UNITED NATIONS — The United States bowed to pressure from its allies on Tuesday and agreed to support a new program to temporarily funnel additional humanitarian aid directly to the Palestinian people.
A statement by Mideast peacemakers, issued after a day of closed-door diplomatic meetings, did not suggest precisely how much or what kind of aid they would provide. But the agreement seemed to underscore a concern that months of withholding most aid from the Palestinians, part of an effort to pressure the new Hamas-led government toward a more accommodating stance with Israel, was harming the Palestinian people.
Secretary of State Condoleezza Rice said the European Union would take the lead in the new effort. The United Nations and Russia, the other partners in the Quartet peacemaking group along with the U.S., also endorsed the program.
"The thrust of this is the international community is still trying to respond to the needs of the Palestinian people," Rice said.
The U.S. and European Union have cut off much of the aid that had flowed in the past to Palestinian programs, working to prevent any of it from helping Hamas, the militant Islamic group that has conducted numerous terrorist attacks.
Government virtually broke
The cutoff has left the Palestinian government virtually broke and increasingly unable to provide basic services. Some 165,000 government workers, whose incomes had supported one-third of Palestinian families, have not been paid for the past two months.
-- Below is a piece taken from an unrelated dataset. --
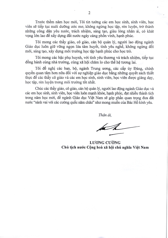 Thư của Chủ tịch nước gửi ngành Giáo dục nhân dịp khai giảng năm học 2025-2026

Going into Tuesday's meetings at the United Nations, Rice said she was urging the allies to retain a hard-line approach toward aid that could end up benefiting Hamas.
After a second session, the diplomats produced a statement expressing their willingness "to endorse a temporary international mechanism that is limited in scope and duration, operates with full transparency and accountability, and ensures direct delivery of any assistance to the Palestinian people."
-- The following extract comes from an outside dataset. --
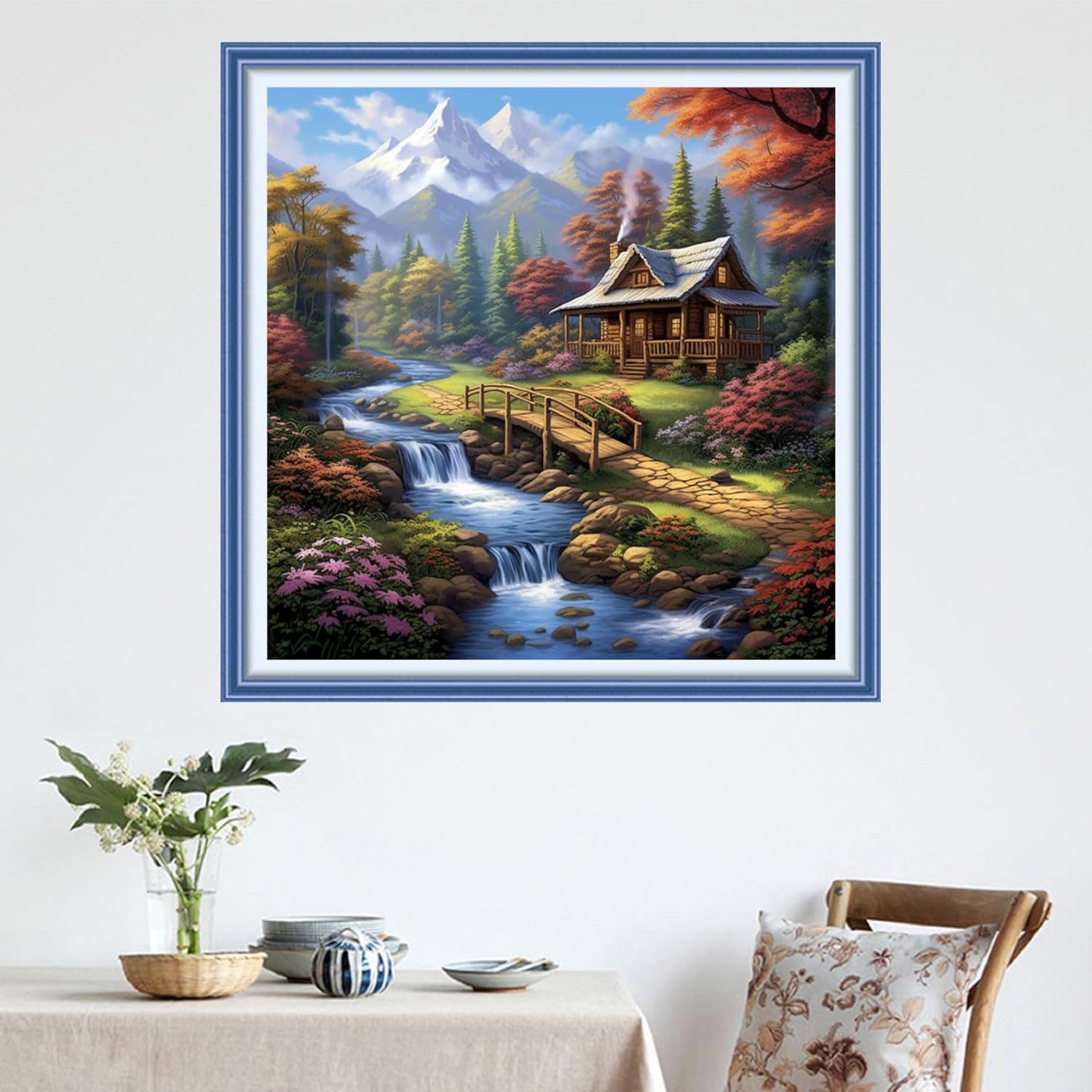 DMCVIVR Stamped Cross Stitch Kits for Adults Beginners Embroidery Kits 11CT Needlepoint Kits Cross Stitch Patterns Embroidery Patterns&Creek Scenery 18x18 inch

The statement said the assistance would begin as soon as possible, with a decision on its continuation coming in three months.
The diplomats expressed "grave concern that the Palestinian government has so far failed to commit itself to the principles of nonviolence, recognition of Israel and the acceptance of previous agreements" to move toward peace. They expressed willingness to restore aid once the Palestinian government accepted those principles.
The allies also said they had "concern about the delivery of humanitarian assistance, economic life, social cohesion and Palestinian institutions," all of which have been deteriorating since the aid suspension.
Abbas makes plea
Meanwhile, Palestinian President Mahmoud Abbas wrote to Rice and the other international peacemakers asking them to focus on "a way of stopping the economic boycott against the Palestinian people and finding a way to send economic aid," Palestinian U.N. observer Riyad Mansour told reporters.
He did not outline specifically which aid Abbas wanted restored.
Although Abbas' secular Fatah Party was trounced by the better-organized militants, he remains in office. He has been trying to bridge a gap between the West and Hamas that he says will unfairly punish ordinary Palestinians.
The United States announced a $10 million package of medical assistance for the Palestinians on Tuesday. An initial $4 million in medicine and supplies could begin flowing as soon as this week.
The United States and some allies in Europe and elsewhere have differed over tactics to counter Hamas without worsening the Palestinians' humanitarian plight.
The European Union has proposed sending money directly to Abbas to be spent on hospitals, schools and humanitarian needs. While the U.S. says it wants to keep sending humanitarian aid, it has been cool to the European proposal.
Even greater differences exist between the U.S. and Russia.
"We're not for cutting off any aid," Russian Foreign Minister Sergey Lavrov told reporters Tuesday.
The international group issued a warning to Hamas three months ago that it risked a loss of international aid if it did not change its policies.
The U.S. says it respects the democratic elections that produced the Hamas victory and has no express policy to oust the militants. Its financial strategy, however, seems aimed at undermining public support for Hamas and making it difficult or impossible for the militants to govern.
Although the E.U. has also cut aid, public opinion in Europe often favors Palestinian causes and governments are leery of looking too harsh.